Team
- Curling club: Rideau CC, Ottawa, ON
- Skip: Howard Rajala
- Third: Rich Moffatt
- Second: Chris Fulton
- Lead: Paul Madden
- Alternate: Phil Daniel

Curling career
- Member Association: Ontario
- Brier appearances: 1 (1999)

Medal record
Curling
Representing Canada
World Senior Championships
| Gold medal – first place | 2023 Gangneung |  |

= Rich Moffatt =

Canadian curler

Richard Moffatt (born 1959) is a Canadian curler from Ottawa, Ontario. In 1999, he became only the third curler to skip an Ottawa-area team at the Brier.

Moffatt began curling in 1973 after quitting ice hockey. As a junior curler, he made it to the playoffs of the 1981 Ontario Junior Curling Championships. He played in his first Ontario men's championship in 1988 throwing third rocks for Rick Bachand.

Moffatt skipped his own team for much of his career. In 1999, he finally won the Ontario men's championship, qualifying him for the 1999 Labatt Brier. At the Brier, his rink from the Rideau Curling Club finished with a 6-5 record.

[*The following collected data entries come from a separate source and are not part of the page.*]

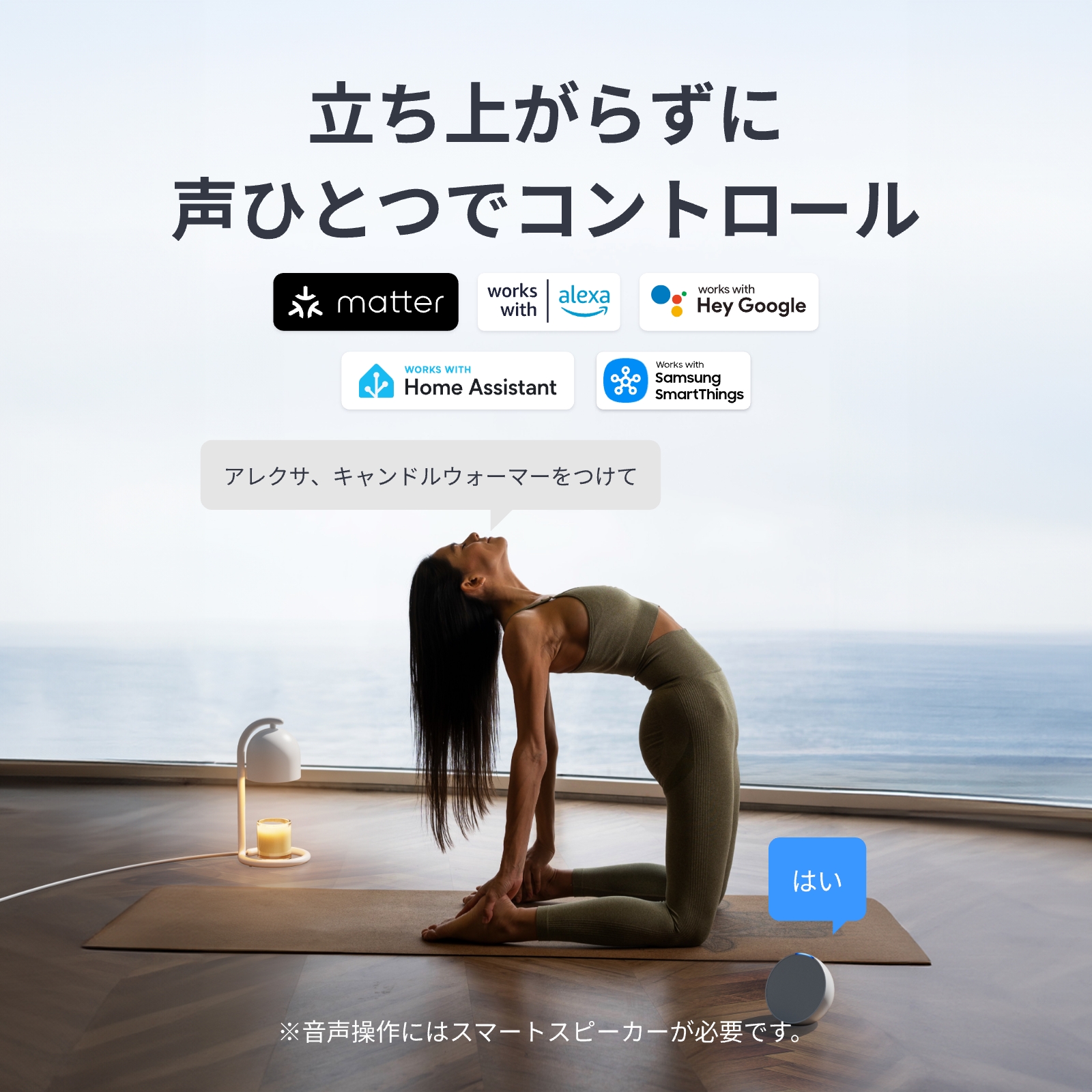 【Appleと香りがつながる、Matter対応キャンドルウォーマー】Matter対応でホームアプリに接続可能。調光・スケジュールも簡単。HomePodと連携すれば声だけで操作。Alexa・Google Homeなど主要プラットフォームにも対応。
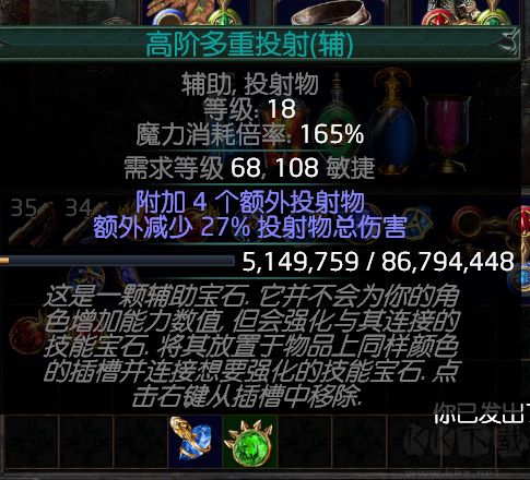 8、技能寶石、鼠標(biāo)放技能寶石上可看說明,最上面有 “投射物” 等屬性,輔助技能需從中選且?guī)?“輔助” 二字??滓B起來,主技能和輔助寶石才生效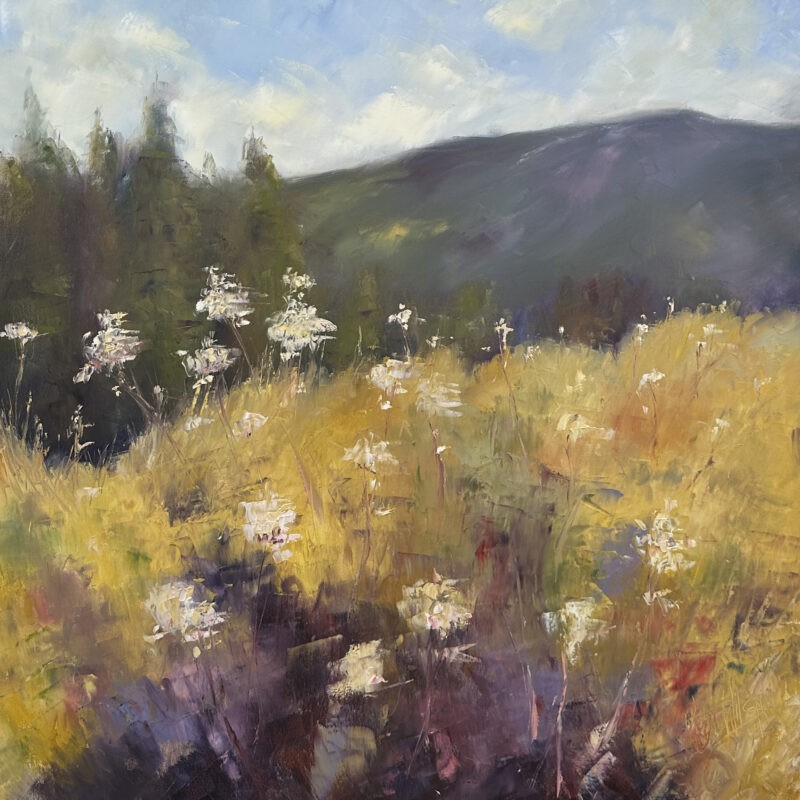 Following a painting workshop in Holland, plein air influenced her work, with inspiration around every corner of Skerries and beyond.  The daily painting movement inspires her small still life paintings in oil of local scenery and kitchen still lives.      Working mostly with a palette knife, her paintings are characterised by vigorous thick buttery slashes of colour, with highlights of heavy impasto paint.

Moffatt retired from curling in 2007, but quickly changed his mind and came back to play for Bryan Cochrane. He played with Cochrane until 2012. Moffatt joined up with Howard Rajala (as his third) to win the 2013 Ontario Senior curling championships. He won three more provincial senior titles with Rajala in 2017, 2020 and 2022; the team followed up by winning the 2023 World Senior Curling Championships for Canada.

==Personal life==
Moffatt attended Carleton University for political science.